At this time I have not removed the tools that I downloaded, since I will check my system regularly for a few weeks to see if other problems occur.

I am in China, and it is well known that their networks and websites are very dirty. I will research using another firewall instead of the Windows default program.

Thank you for your time and support.

 

They Are Back - Strange Combination of XP Errors

Dear Tim,

Some of the virii returned today, when I plugged in one of my external HD's on my USB port.

I ran all the programs again:major, and have recovered again. A few questions.

1) How can I check that all my ext memory devices that I use on my USB port are not infected? I ran scans on them using SAS, Malware and PCTools Threatfire. Now what

2) After the first repair, I installed PC Tools Threatfire and PC Toolsfirewall. They created a conflict when running Combofix. I will explain in more details on my next post when I submit the log files.

3) There is a directory on my laptop c:\cmdcons under it is a bunch of *.SY_ files and a system 32 dir. Can I delete it?

When I checked HJT after running the cleaning programs I noticed a line
010 unknown file c:\windows\system32\nwprovau.dll, what should I do with it?

Will write more tomorrow and once again thanks for your help:confused

 

Hi Tim,

Attached to this thread are my new log files and some information regarding a blip that occurred to my computer while running Combofix.

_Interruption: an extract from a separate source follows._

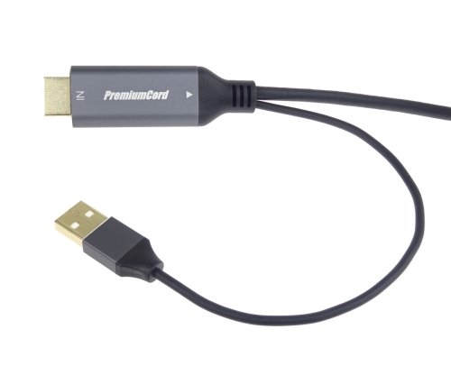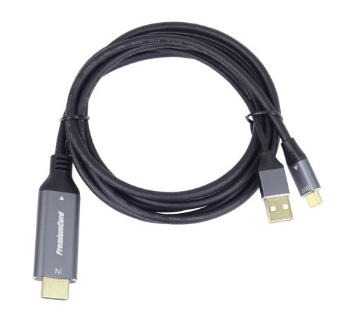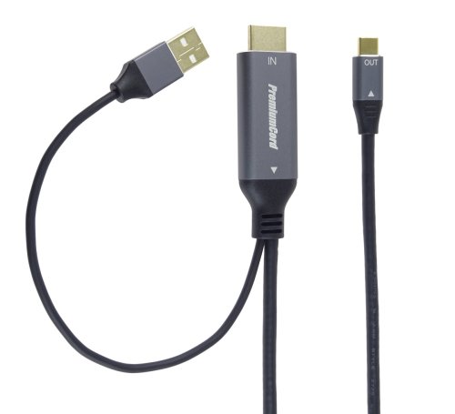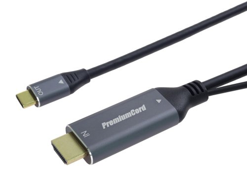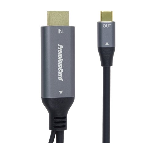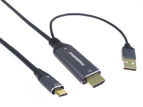 2m kabel PremiumCord je vybavený konektorem HDMI 2.0, USB-C pro připojení monitoru a USB konektorem pro napájení. S jeho pomocí přenesete video a zvuk z počítače či notebooku do monitoru, televize nebo projektoru.

When running Combofix, I disabled all of McAffee’s programs, Threatfire and PC firewall. However, Threatfire restarted when Combofix rebooted my pc. When I saw the message “Threatfire has identified a potential threat from combofixpv.cfexe, what do you want to do” I selected allow the program to run. Unfortunately the damage was done, and for the next 20 minutes all I saw was
“Almost done – This window will close in a short while, please wait for the log file to appear”

The clock was not reset, nor did the log file appear. So, I closed the window and ran Combofix again. This time it did not find any errors, ran much quicker, reset my clock and the log file appeared.

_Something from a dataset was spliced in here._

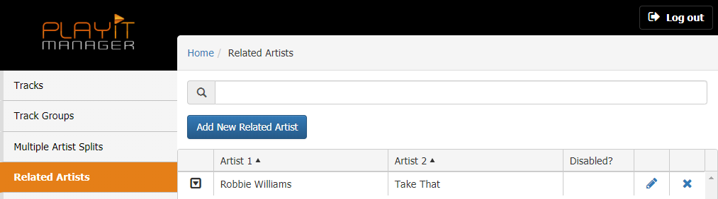 Related Artists are used to associate artists with each other so they are considered as the same artist when scheduling with playout policies. For example, you may not want a solo singer in a band to be played close a song by that band, e.g. Robbie Williams and Take That.

I recommend that the instructions recommend which programs to un-install some programs or have the results be tested from posts like mine. I hope this comment is helpful.

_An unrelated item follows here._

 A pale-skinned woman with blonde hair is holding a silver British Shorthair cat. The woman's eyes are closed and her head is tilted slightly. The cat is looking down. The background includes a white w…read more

Thank you for providing me with additional guidance from my questions posted yesterday.

 

Hi Tim,

Ran the search on all drives and deleted autorun.inf files,
Found the file listed above and deleted.
Uninstalled ThreatFire Free edition.

Other concerns:
There are the following directories on my laptop, which ones can I delete.
c:\cmdcons under it is a bunch of *.SY_ files and a system 32 dir. It is a hidden directory.
c:\Qoobox
HJT shows the following line
**010 unknown file c:\windows\system32\nwprovau.dll,
what should I do with it?


Thanks for your time and efforts on these matters.